**EXERCISE DETAILS:**
Copy the lines from the start of the records below through the line containing "A belépés jegyvásárláshoz", both included, and leave out the pictures.

**AVAILABLE DATA:**
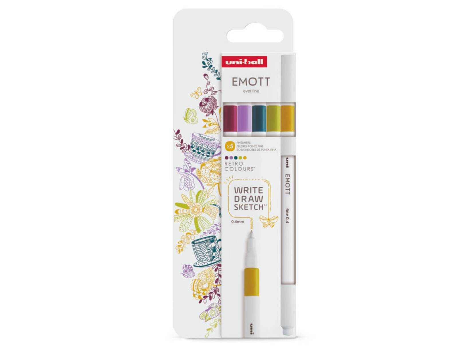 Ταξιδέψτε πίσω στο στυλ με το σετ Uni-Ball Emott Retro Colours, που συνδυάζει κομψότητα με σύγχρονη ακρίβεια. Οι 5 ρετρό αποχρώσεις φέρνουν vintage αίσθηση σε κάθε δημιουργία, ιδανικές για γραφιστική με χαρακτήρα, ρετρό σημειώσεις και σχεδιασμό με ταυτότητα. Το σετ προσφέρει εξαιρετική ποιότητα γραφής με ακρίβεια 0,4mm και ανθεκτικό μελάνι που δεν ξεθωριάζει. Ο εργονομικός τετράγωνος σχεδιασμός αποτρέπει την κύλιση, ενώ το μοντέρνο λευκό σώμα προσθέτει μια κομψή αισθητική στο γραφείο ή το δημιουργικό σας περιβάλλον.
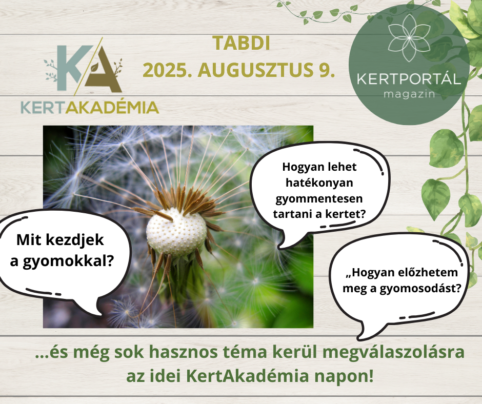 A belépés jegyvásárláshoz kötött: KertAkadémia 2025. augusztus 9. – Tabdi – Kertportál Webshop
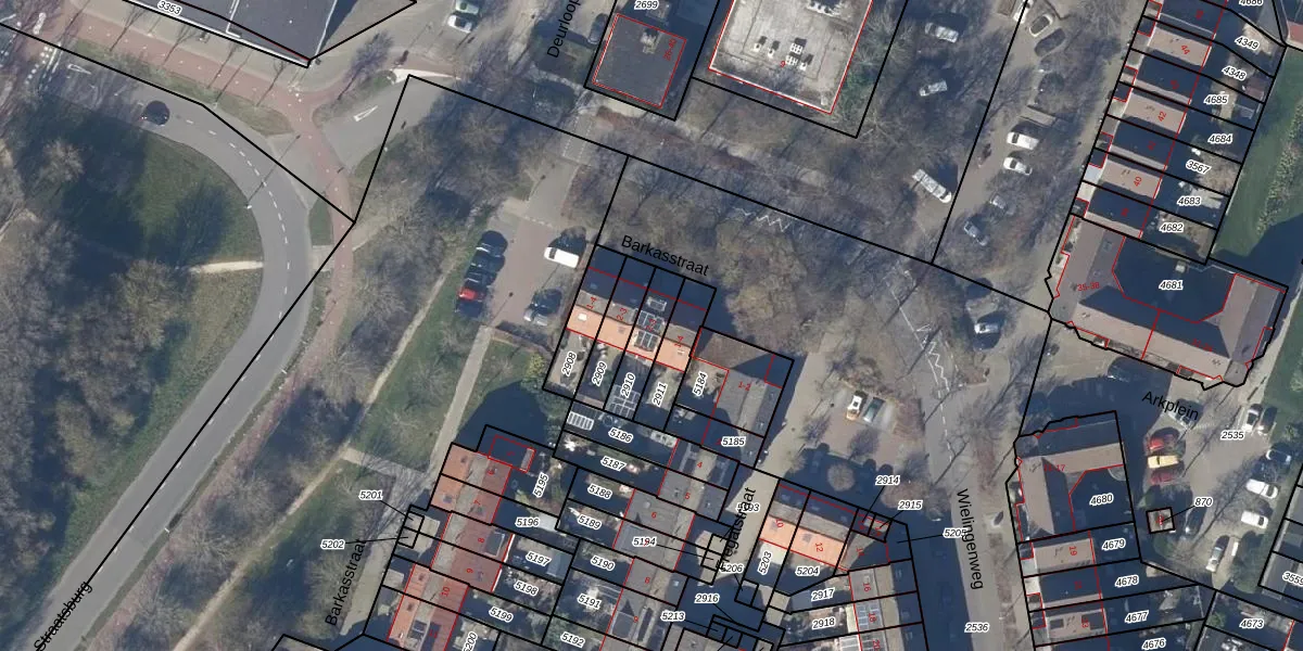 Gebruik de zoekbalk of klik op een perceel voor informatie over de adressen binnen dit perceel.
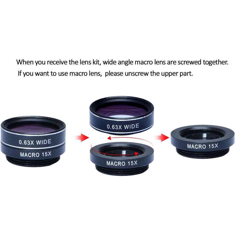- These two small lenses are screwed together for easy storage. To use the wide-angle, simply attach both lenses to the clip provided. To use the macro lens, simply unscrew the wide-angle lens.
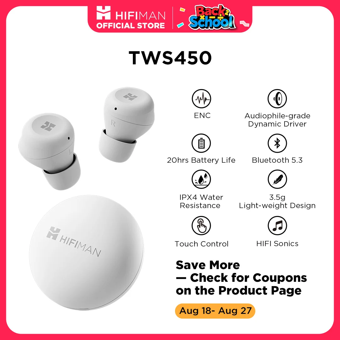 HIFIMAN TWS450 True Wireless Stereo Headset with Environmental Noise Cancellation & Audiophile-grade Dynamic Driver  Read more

**COMPLETED TASK:**
 Ταξιδέψτε πίσω στο στυλ με το σετ Uni-Ball Emott Retro Colours, που συνδυάζει κομψότητα με σύγχρονη ακρίβεια. Οι 5 ρετρό αποχρώσεις φέρνουν vintage αίσθηση σε κάθε δημιουργία, ιδανικές για γραφιστική με χαρακτήρα, ρετρό σημειώσεις και σχεδιασμό με ταυτότητα. Το σετ προσφέρει εξαιρετική ποιότητα γραφής με ακρίβεια 0,4mm και ανθεκτικό μελάνι που δεν ξεθωριάζει. Ο εργονομικός τετράγωνος σχεδιασμός αποτρέπει την κύλιση, ενώ το μοντέρνο λευκό σώμα προσθέτει μια κομψή αισθητική στο γραφείο ή το δημιουργικό σας περιβάλλον.
 A belépés jegyvásárláshoz kötött: KertAkadémia 2025. augusztus 9. – Tabdi – Kertportál Webshop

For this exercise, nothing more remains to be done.